In our experience, data about BRAF V600E mutation add up to literature, supporting molecular subtype existence with good prognosis, even if results about correlation between genetic alteration and overall survival are statistically significant borderline. In our population none were treated with target therapies against V600E mutation, we couldn’t then conclude about its predictive role. In Italy none of anti-BRAF agents are actually approved by AIFA (Italian Agency of Pharmaceuticals).
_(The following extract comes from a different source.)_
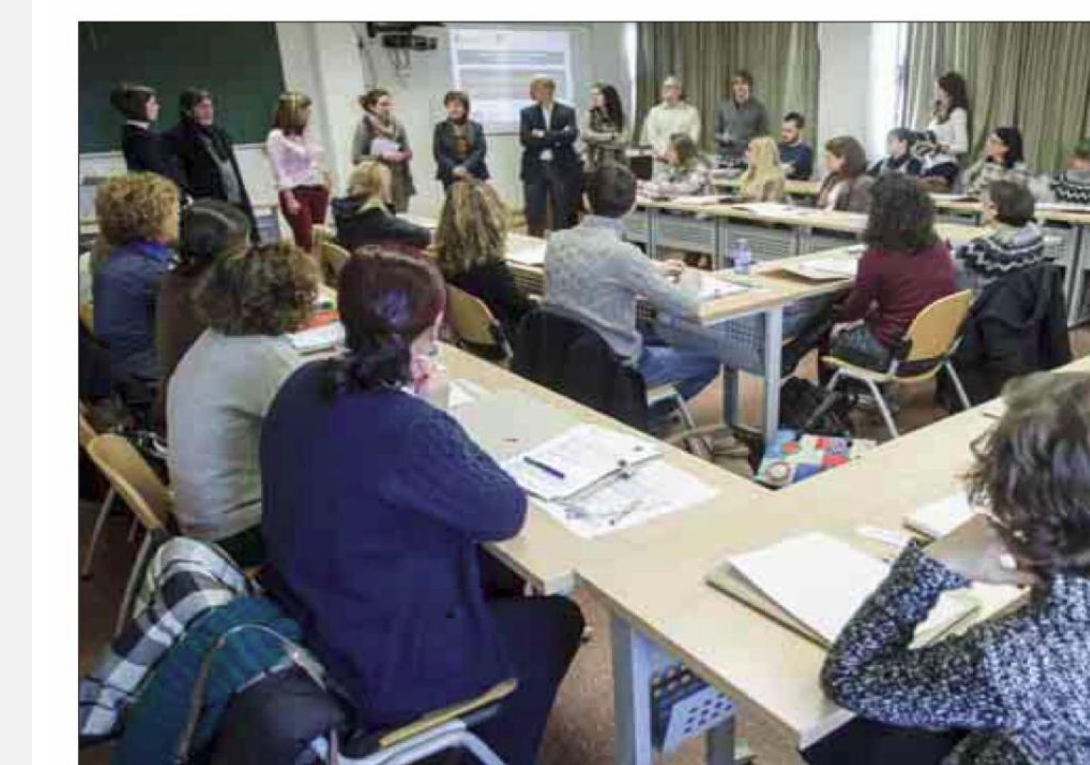
Un momento de la presentación de la Escuela de Investigadores, ayec, en la Facultad de Educación. Los docentes para investigar técnicas para investigar El Centro Superior de Formación del Profesorado inauguró ayer la primera Escuela de Investigadores que se desarrolla en la UBU

Other molecular observations under preclinical investigation include TERT promoter alterations, which seems to be related to anaplastic progression, [2, 34, 35] apparently low rate of IDH1/IDH2 mutations and MGMT promoter hypermethylation, with differential diagnosis implications with Glioblastoma Multiforme (GBM) [36]. The results observed in our study are in line with an epidemiological, clinical and histological point of view with what has already been observed in the literature. Even in our study group, the onset was mainly at a young age, surgery was the first choice treatment followed by radiation therapy in combination or not with chemotherapy.
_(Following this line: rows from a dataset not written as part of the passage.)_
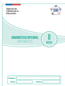
Prueba de Matemática 1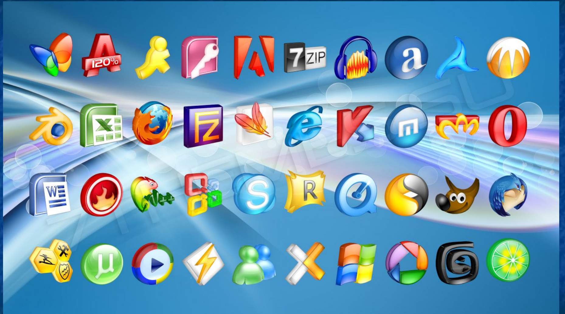
Пиктограммы информационных объектов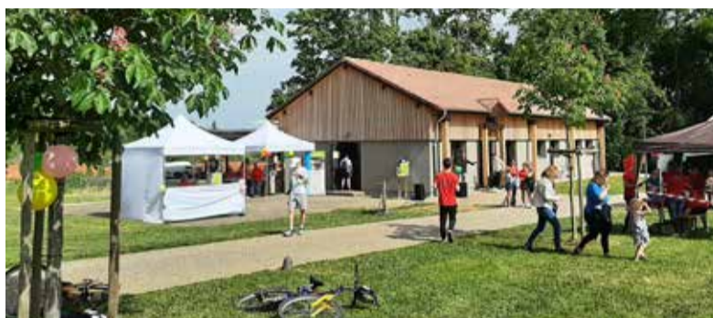
Journée animations jeunesse au parc organisée par l'AFRV

Our study includes rare disease patients treated by specialists with high volume and high expertise in CNS neoplasms: every single case was discussed in a weekly multidisciplinary meeting to choose the best option for the patient, in light of surgical, radiological anatomopathological and radio-oncological findings.
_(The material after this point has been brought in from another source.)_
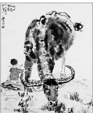
牧童短笛(国画) 徐悲鸿

本报讯（记者高素娜）北京诚轩秋季拍卖会将于11月22日至24日在北京举行，共推出中国书画、瓷器工艺品、油画雕塑及邮品钱币4个项目，共8个专场。其中，邮品钱币项目将于11月13日至16日开槌。

Limitations of the current study are due to the retrospective nature, small sample size, heterogeneity of the characteristics of the population, furthermore the treatment at relapse did not include the new BRAF inhibitors, which recently have demonstrated activity in clinical observations.

Conclusion

PXA is a rare disease that occurs mainly in young adults. On the basis of data in the literature, younger patients (< 20 years), patients who undergo a GTR, and patients with a lower grade tumor have a better outcome. Grade III and incompletely resected tumors, adjuvant radiation or a combination of both radiotherapy and chemotherapy should be delivered taking into account risk factors, while the role of adjuvant therapy is debatable. The molecular characteristics should be performed to identify patients with different clinical behavior, they could influence not only prognosis but also therapeutic management. Target therapies are the new perspectives towards which studies are directed.